Under a co-development agreement, Ergomed agreed to contribute up to $12 million towards the study where it will perform clinical services in exchange for a single digit percentage of milestone and royalty payments, up to a specified maximum amount. Approximately $10.8 million of these credits were realized as of June 30, 2020.
During the nine months ended June 30, 2020, the Company’s cash increased by approximately $11.7 million. Significant components of this increase include approximately $14.0 million in net proceeds from the sale of common stock through public offerings, approximately $12.1 million in proceeds from the exercise of warrants and options and employee stock purchases of approximately $0.2 million, offset by net cash used to fund the Company’s regular operations, including its Phase 3 clinical trial, of approximately $11.7 million, approximately $1.6 million of equipment and leasehold improvement expenditures, approximately $0.7 million for payments of stock issuance costs and approximately $0.6 million in lease payments. This compares with the nine months ending June 30, 2019, when the Company’s cash decreased by approximately $0.8 million. Significant components of this decrease included net cash used to fund the Company’s regular operations, including its Phase 3 clinical trial, of approximately $12.4 million and approximately $0.3 million to purchase long term assets. The decrease was offset by net proceeds from the exercise of warrants of approximately $11.7 million and employee stock purchases of approximately $0.2 million.

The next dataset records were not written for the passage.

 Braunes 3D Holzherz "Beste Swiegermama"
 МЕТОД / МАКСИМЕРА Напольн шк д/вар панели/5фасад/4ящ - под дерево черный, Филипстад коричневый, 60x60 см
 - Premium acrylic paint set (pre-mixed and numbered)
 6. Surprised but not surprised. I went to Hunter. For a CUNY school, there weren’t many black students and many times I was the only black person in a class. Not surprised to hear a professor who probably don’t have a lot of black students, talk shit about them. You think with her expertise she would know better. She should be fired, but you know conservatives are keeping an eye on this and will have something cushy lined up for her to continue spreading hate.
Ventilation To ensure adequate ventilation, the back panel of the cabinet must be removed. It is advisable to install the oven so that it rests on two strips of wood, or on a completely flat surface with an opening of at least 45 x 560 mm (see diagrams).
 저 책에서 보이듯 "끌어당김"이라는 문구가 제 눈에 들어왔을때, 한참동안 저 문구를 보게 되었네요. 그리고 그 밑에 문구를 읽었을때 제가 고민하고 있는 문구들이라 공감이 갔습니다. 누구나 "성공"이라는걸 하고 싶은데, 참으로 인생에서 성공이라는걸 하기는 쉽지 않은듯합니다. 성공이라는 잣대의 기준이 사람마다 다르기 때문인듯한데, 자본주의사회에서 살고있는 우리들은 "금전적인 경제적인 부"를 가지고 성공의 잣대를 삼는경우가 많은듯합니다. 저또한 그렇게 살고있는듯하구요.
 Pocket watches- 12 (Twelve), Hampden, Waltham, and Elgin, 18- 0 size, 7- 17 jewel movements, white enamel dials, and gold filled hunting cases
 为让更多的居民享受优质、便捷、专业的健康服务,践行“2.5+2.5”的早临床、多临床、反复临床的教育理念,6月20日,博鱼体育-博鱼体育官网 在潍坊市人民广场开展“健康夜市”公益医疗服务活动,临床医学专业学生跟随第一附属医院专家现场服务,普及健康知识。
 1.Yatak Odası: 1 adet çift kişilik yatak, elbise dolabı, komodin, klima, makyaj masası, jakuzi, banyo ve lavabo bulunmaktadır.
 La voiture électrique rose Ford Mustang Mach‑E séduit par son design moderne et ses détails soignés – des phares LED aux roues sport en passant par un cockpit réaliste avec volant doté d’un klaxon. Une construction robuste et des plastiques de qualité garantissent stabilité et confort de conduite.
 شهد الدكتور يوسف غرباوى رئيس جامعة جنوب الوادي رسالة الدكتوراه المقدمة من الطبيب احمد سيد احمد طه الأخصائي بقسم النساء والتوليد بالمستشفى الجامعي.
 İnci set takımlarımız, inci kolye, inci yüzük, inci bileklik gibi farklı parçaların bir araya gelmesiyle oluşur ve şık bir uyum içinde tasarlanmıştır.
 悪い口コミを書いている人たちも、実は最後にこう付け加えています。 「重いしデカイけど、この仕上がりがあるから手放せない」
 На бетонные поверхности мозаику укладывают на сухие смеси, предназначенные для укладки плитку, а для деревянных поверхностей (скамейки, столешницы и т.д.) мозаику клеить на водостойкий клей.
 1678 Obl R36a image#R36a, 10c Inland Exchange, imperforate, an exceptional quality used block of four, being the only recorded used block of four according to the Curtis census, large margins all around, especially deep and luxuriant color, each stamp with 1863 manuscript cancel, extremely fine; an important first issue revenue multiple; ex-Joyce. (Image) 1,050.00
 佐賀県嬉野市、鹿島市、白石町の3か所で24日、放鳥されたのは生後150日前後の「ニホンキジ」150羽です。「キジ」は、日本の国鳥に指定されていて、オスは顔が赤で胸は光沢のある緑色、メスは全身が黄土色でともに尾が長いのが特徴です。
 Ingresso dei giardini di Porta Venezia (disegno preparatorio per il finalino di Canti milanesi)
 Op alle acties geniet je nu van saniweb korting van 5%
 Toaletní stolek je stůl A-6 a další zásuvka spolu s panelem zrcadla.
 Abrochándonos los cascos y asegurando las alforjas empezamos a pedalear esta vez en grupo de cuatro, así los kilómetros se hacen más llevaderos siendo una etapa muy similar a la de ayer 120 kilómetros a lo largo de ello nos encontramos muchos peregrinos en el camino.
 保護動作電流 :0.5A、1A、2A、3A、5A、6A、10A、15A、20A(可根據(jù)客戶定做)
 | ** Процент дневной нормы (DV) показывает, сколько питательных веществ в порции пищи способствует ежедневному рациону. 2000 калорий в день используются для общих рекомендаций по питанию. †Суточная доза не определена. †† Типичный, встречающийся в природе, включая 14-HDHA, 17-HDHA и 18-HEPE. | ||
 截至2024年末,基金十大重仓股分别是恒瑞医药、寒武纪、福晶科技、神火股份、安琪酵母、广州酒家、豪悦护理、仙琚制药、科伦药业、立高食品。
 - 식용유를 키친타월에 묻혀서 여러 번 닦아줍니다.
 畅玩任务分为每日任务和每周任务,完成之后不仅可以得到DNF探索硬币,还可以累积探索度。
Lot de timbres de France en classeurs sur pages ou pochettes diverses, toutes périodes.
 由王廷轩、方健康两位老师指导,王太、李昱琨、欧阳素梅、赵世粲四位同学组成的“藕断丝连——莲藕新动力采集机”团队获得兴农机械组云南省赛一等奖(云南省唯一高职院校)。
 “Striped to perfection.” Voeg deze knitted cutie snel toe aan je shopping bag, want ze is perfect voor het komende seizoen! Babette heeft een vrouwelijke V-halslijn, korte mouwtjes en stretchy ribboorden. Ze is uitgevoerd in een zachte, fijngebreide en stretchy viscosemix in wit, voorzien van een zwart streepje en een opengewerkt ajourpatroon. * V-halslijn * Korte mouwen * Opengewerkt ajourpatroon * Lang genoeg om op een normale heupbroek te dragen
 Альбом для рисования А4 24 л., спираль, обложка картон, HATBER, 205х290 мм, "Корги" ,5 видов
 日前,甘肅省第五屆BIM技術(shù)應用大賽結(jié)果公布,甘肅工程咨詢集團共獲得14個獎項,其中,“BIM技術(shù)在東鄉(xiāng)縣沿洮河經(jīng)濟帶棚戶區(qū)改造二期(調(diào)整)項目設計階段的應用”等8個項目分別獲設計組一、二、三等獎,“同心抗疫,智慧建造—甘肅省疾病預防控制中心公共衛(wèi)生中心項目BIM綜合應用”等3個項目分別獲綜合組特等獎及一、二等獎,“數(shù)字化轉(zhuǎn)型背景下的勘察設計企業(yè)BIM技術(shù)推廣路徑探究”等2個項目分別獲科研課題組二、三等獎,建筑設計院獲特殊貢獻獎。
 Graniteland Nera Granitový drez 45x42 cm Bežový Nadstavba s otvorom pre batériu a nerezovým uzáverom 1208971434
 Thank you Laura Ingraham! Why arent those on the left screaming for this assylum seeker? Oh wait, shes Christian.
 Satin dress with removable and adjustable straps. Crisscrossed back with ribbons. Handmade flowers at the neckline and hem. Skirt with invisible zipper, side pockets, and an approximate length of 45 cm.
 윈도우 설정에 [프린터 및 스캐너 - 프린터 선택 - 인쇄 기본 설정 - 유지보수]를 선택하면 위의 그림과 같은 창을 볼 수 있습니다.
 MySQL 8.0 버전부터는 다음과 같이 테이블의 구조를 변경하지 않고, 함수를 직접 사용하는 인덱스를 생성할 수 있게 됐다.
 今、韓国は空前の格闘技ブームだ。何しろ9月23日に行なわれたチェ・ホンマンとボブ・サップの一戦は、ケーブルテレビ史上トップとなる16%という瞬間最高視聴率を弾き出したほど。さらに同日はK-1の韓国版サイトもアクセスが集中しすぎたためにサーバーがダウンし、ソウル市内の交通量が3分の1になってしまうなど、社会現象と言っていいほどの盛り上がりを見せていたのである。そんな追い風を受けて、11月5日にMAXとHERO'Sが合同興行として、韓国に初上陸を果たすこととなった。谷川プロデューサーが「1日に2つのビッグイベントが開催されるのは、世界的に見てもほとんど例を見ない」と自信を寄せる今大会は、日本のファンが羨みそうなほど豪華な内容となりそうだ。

During the nine months ended June 30, 2020, 1,544,845 warrants were exercised at a weighted average exercise price of $7.60 for total proceeds of approximately $11.7 million. These exercises include 849,845 warrants exercised during three months ended June 30, 2020 at a weighted average exercise price of $11.38 for proceeds of approximately $9.7 million. During the nine months ended June 30, 2019, 5,836,724 warrants were exercised at a weighted average exercise price of $2.00 for proceeds of approximately $11.7 million. These exercises include 4,014,109 warrants exercised during the three months ended June 30, 2019 at a weighted average exercise price of $2.08 for proceeds of approximately $8.4 million.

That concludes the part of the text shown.